Ein entscheidender Faktor in der Diskussion ist das unterschiedliche Verständnis des Völkerrechts. Aus westlicher Sicht hat Russland durch den Angriff im Februar 2022 auf die Ukraine eindeutig gegen den Grundsatz der Unverletzbarkeit der Grenzen verstoßen. Die Russen sehen das anders, für die fängt der Krieg spätestens 2014 mit dem Maidanputsch und den nachfolgenden bewaffneten Auseinandersetzungen an der Kontaktlinie von Donezk und Luhansk an, wenn nicht früher.

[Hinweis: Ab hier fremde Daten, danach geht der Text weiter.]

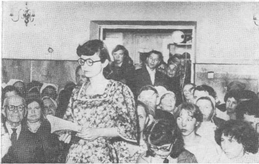
Богослужение в церкви г. Кубинка Московской области.

2 февраля с. г. в церкви состоялось траурное богослужение. Дом молитвы был заполнен теми, кого учил, наставлял и много раз посещал почивший.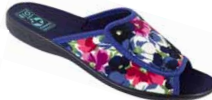
101 art. 23000 GR/CZ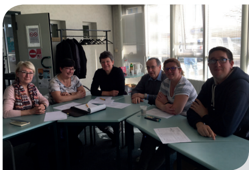
AG de l'échelon local Gâtinais Puisaye

Dans ce rôle au sein des structures, j'informe des différentes actions et interventions possibles de la MSA et participe aux projets de leurs structures. //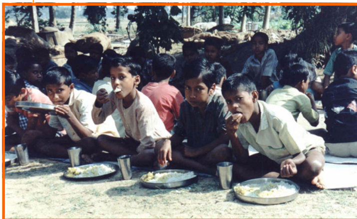
Foreldreløse barn ved Paramananda Mission, Banagram, Vest-Bengal, India. Bildene er tatt i januar 1995. Siden den gang er det bygget et stort kjøkken med spisesal for barna.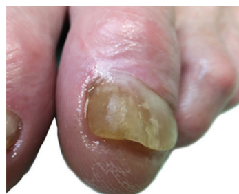
Obr. 4b. Nehty dolní končetiny při kontrole po šesti měsících od první aplikace NTP. Proximálně je po celé bázi patrná odrůstající zdravá nehtová ploténka v délce cca 5–6 mm. Nehet má v distální části rovné okraje bez hyperkeratóz. Mediální hrana nehtu je elevována korekcí zarůstajícího nehtu a shora fixována speciálním akrylem.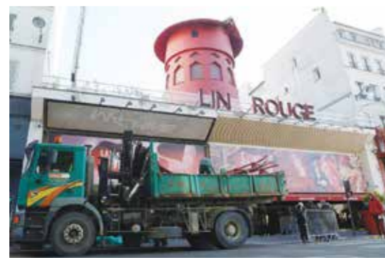
○ واجهة الملهى بعد الحادث.

سقطت صباح أمس الخميس مرواح طاحونة مالهى «مولان روج» الاستعراضي الشهير في حي مونمارتر الباريسي، في حين لم تتضح بعد أسباب الحادثة. وأفادت أجهزة الإغاثة وكالة فرانس برس بأن مرواح طاحونة الملهى الأبرز في باريس سقطت ليل الأربعاء إلى الخميس، مؤكداً بذلك معلومات أوردتها قناة «بي اف ام تي في». وسقطت أيضاً بعض الحروف (M, O, U) من اسم الملهى الظاهر على واجهته، وأوضحت أجهزة الإغاثة أن أحداً لم يُبلغ عن وقوع إصابات، مشيرين إلى أن خطر سقوط أي أجزاء أخرى قد يتبدد. ولم تعرف حتى الساعة أسباب سقوط المرواح والحروف، وفي حديث إلى وكالة فرانس برس، قال الطاهي في الملهى الاستعراضي مفضلاً عدم ذكر اسمه: «إن ما حصل مروّع، وفوجئ لدى وصوله عند الثامنة صباحاً إلى الموقع بأن المرواح قد سقطت أرضاً. وأشار قائد شرطة العاصمة لوران تونيز إلى أن «مهندسين مختصين بالسلامة يعملون لدى الشرطة، توجهوا إلى الموقع».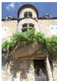
La Tourelle Gaillon Tour du 15e en encorbellement (rue St-Pierre)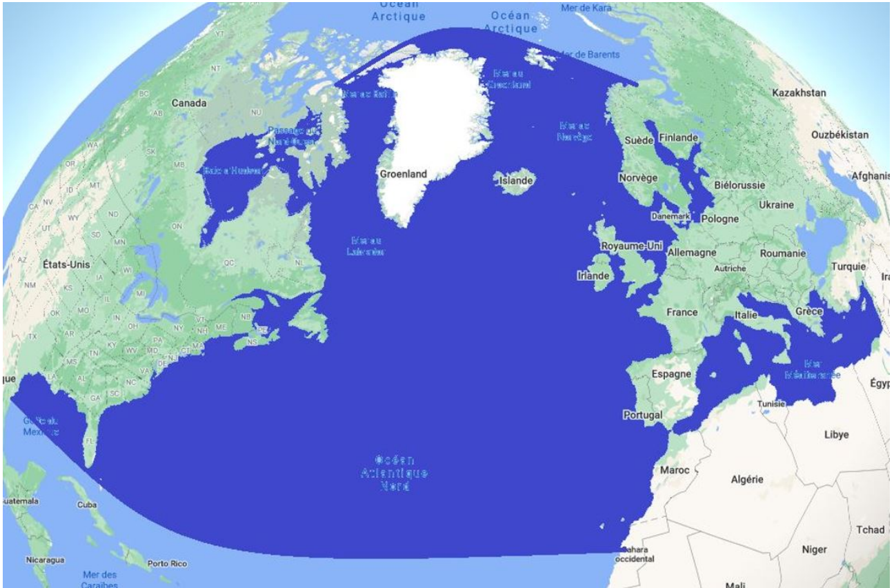
Espaces maritimes (en bleu foncé) couverts par le Traité de l'Atlantique nord, qui concerne, en outre, la totalité des territoires nationaux en Europe et Amérique du nord.

Ainsi, même si l'océan Pacifique n'est pas une zone couverte par l'Alliance (qui ne protège donc pas les territoires français de la région, pas plus que les îles Hawaïi), la sécurité continentale des Alliés en Amérique du Nord, même dans leur façade Pacifique, est bien dans la zone de défense de l'Alliance.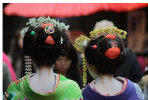
Obrázek 11 – Maiko v Kjótu (Paul 2023)

Poslední dva modely jsou zajímavé i tím, že mají odhalené šije. „Šije ( unadži 項), kterou se většina lidí příliš nezabývá, je v Japonsku považována za část těla, ve které sídlí ženská krása“ (Cherry, 2016, s. 21). Přitažlivost šije vychází z toho, že je při nošení kimona, z důvodu tradičního nošení vyčesaných vlasů, často jedinou odhalenou částí těla (Cherry, 2016, s. 21). Tzv. nukiemon (抜衣紋), tedy odhalování šije pomocí stažení zadního límce kimona, „se v roce 1907 stalo velmi populárním prvkem při nošení kimona“ (Fukai, 1989, s. 8). Podobnost s kimonem v případě posledních dvou modelů můžeme vidět právě ve faktu, že kromě šije je zbytek těla, až na šlapky, zahalený. Modelky sice nemají vyčesané vlasy, ale obě mají krátký sestřih.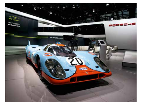
传奇赛车保时捷 917 Gulf 也到场为 918 Spyder 的亚洲首秀助威。

无论对于保时捷本身还是车迷而言，本次车展都是一次巨大的成功。庞大多样的参展阵容体现了保时捷始终坚持追求跑车工艺与日常实用性的完美融合。而正是这两大特性，让保时捷始终立于全球顶级汽车制造商之列。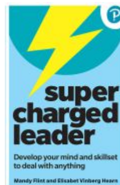
Supercharged Leader: Develop your mind and skillset to deal with anything Ladenpreis: 14,97EUR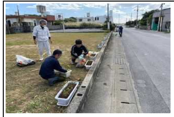
(美化活動 花いっぱい苗植え) 8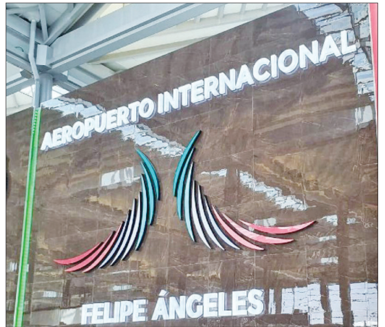
▲ El Aeropuerto Internacional Felipe Ángeles (AIFA) fue inaugurado el 21 de marzo de 2022.

El AIFA se destacó por su diseño, el cual incluye una torre de control inspirada en el macuahuitl, un arma azteca, así como por la representación de elementos culturales como la Piedra del Sol en su decoración interior.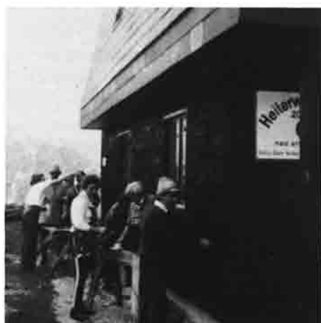
Das bewährte Handwerkerteam beim Anstreichen der neuen Hütte.

die Beschädigung der Kasse als durch den Verlust des Geldes, das jeweils von Woche zu Woche entnommen worden war. Diese kleinen Ärgernisse sind aber zu verkraften im Vergleich zu der Freude, die dieses einzigartige Hüttchen unseren Mitgliedern und allen Bergsteigern bereitet. Hoffen wir nur, daß es noch viele Jahre so gut erhalten bleibt und daß sich immer wieder Kameraden finden, die sich seiner annehmen.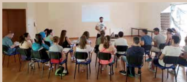
Asistentes ao Curso de Monitor/a de Piragüismo

Máis dun cento de mozos e mozas boqueixaneses participaron durante este ano nas actividades incluídas dentro do Programa de Información e Dinamización Xuvenil Emprendedora desenvolvido polos concellos de Boqueixón, Vedra e Vila de Cruces. O principal obxectivo das accións postas en marcha foi promover entre a xuventude a adquisición das competencias necesarias para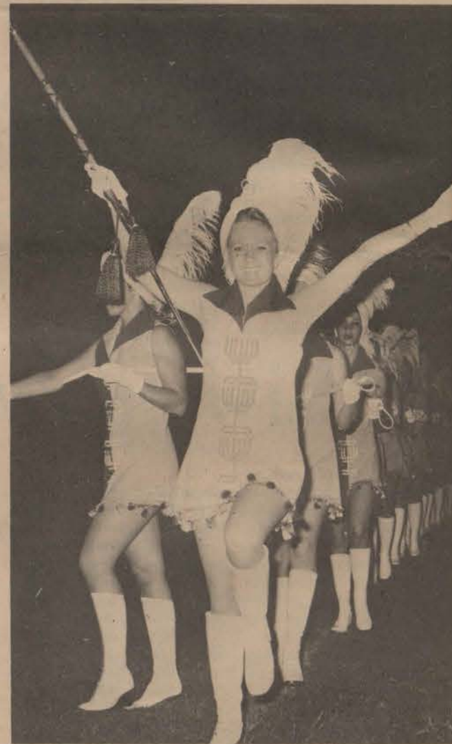
Puk se trompoppies het alreeds die Pukke in die regte stemming ge- vir die groot oorwinning.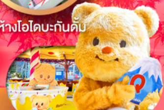
Fuji q Highland x Butterbear เดินทาง พ.ศ. 69 เป็นต้นไป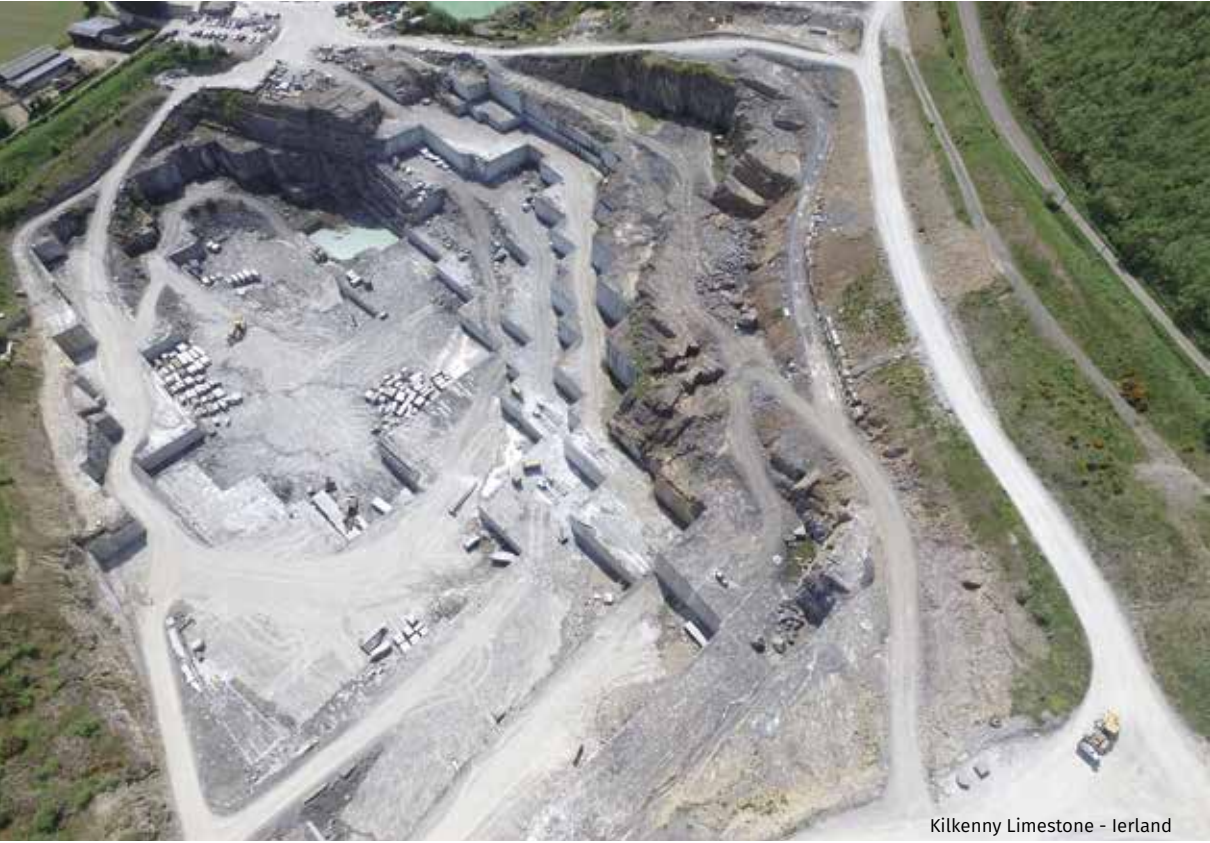
Kilkenny Limestone - Ierland

Hier soll nicht erörtert werden, wer da den ersten Schuss abgegeben hat, es soll lediglich versucht werden, das Rechtsverständnis der russischen Seite darzustellen, die sich völkerrechtlich auf das Sezessionsrecht beruft, während der Westen vom Rechtsgrundsatz der unverletzbaren Grenzen ausgeht.
Die Rechtsfrage
Die Vorstellung, Grenzen wären je unveränderbar gewesen, schwankt in ihrer Relevanz zwischen fast idiotischem Idealismus und völligem Realitätsverlust, insbesondere was Europa betrifft. Zwar sind seit dem Zweiten Weltkrieg die Grenzen einigermaßen fest, mit Ausnahme der ehemaligen jugoslawischen Grenzen und der Grenzen der zerfallenen Sowjetunion. Gegenwärtig gestaltet sich dies schon deutlich komplizierter.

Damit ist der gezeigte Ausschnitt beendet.